It is well known that racemic mixtures of N-acyl D,L-amino acids can be resolved by the use of mold acylase enzyme (U.S. Pat. No. 3,907,638). In this process, water, N-acyl D,L-amino acid and acylase are stirred in organic solvent at a pH and temperature suitable for acylase activity. After reaction, the acylase is in the aqueous phase, the optically active N-acyl amino acid and the acid formed by deacylation are in the organic phase and the desired deacylated amino acid is in the aqueous phase as solute or precipitated as a solid. These procedures are effective for N-acyl amino acids using the N-acyl group as the means for resolution. This patent does not teach resolution of racemic mixtures of carbonyl substituted amino acids which are not N-acyl substituted.

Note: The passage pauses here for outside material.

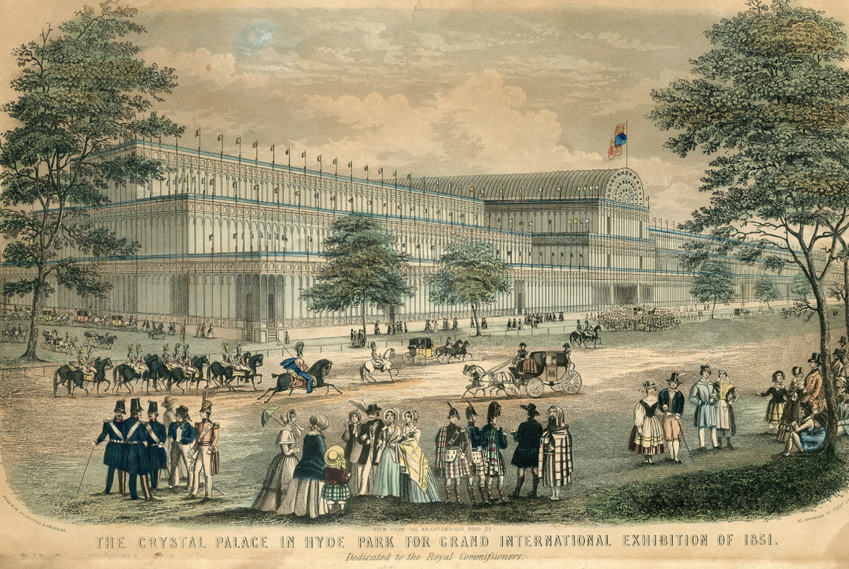 Первая международная выставка прошла в 1851 году в Лондоне. Она была промышленной и посетило ее более 6 миллионов человек из 32 государств. Так начался культурно-технический обмен между странами. Специально к этому событию в Гайд-парке построили Хрустальный дворец. На этой выставке гости со всего мира впервые попробовали сгущенку, увидели швейную машинку «Зингер» и знаменитые русские бриллианты. Россия презентовала 365 экспонатов: зерно, хлопок, кожу, изделия металлургической промышленности и предметы роскоши. Злаки и травы получили Медаль второй степени, особенно жюри выделило гречневую и манную крупы. Крепостное хозяйство страны на тот момент находилось в кризисе, поэтому помещиков, купцов и фабрикантов, которые пожелали бы принять участие в выставке, было откровенно мало. Большой медалью наградили ювелирную фирму Павла Сазикова за канделябр с сюжетами Куликовской битвы и придворных ювелиров Камера и Зефтигена — за бриллиантовую диадему. Фабрика малахитовых изделий Демидовых п

It is also known that esters of amino acids with large hydrophobic side chains attached to the alpha carbon atom such as L-phenylalanine can be hydrolyzed by various enzymes, such as chymotrypsin. The specificity of the enzyme for hydrolyzing the ester of the L-isomer forms the basis of a process for the enzymatic resolution of racemic mixtures of phenylalanine (U.S. Pat. No. 3,813,317 and the references cited therein as well as U.S. Pat. No. 3,878,043). In U.S. Pat. No. 3,813,317, an enzyme such as chymotrypsin is used to resolve an aqueous racemic mixture of ring substituted phenylalanines. The reaction is carried out in aqueous solution. A balance had to be struck between a low concentration of ester needed for good enzyme activity and a high concentration needed for easier product recovery.
In U.S. Pat. No. 3,878,043, an intermediate of L-DOPA is resolved into the L-isomer by hydrolysis of the ester group. The hydrolysis is conducted in an aqueous medium preferably including a water soluble organic solvent such as an alkanol. The D-isomer product is separated by contacting the aqueous solution with an organic solvent which takes up the D-isomer. The aqueous solution is then concentrated and the L-isomer separated.
This method of resolving amino acid esters suffers from several inherent problems. During the course of the hydrolysis, acid is liberated from the newly generated carboxyl group. As the enzyme activity is pH sensitive, the acid must be continuously neutralized to prevent the pH from dropping sufficiently low to seriously effect enzyme activity. The D-amino acid ester acts as an inhibitor to the enzyme used in the hydrolysis reaction. As the resolution proceeds, the concentration of the D-amino acid ester increases relative to the L-ester, further decreasing enzyme activity.
For an industrial process, it is desirable to process high concentrations of racemic mixtures of amino acid esters. However, it is known that high concentrations of such amino acid esters i.e. phenylalanine, can be catalyzed by the enzyme to form insoluble peptides. These peptides lower product purity and yields.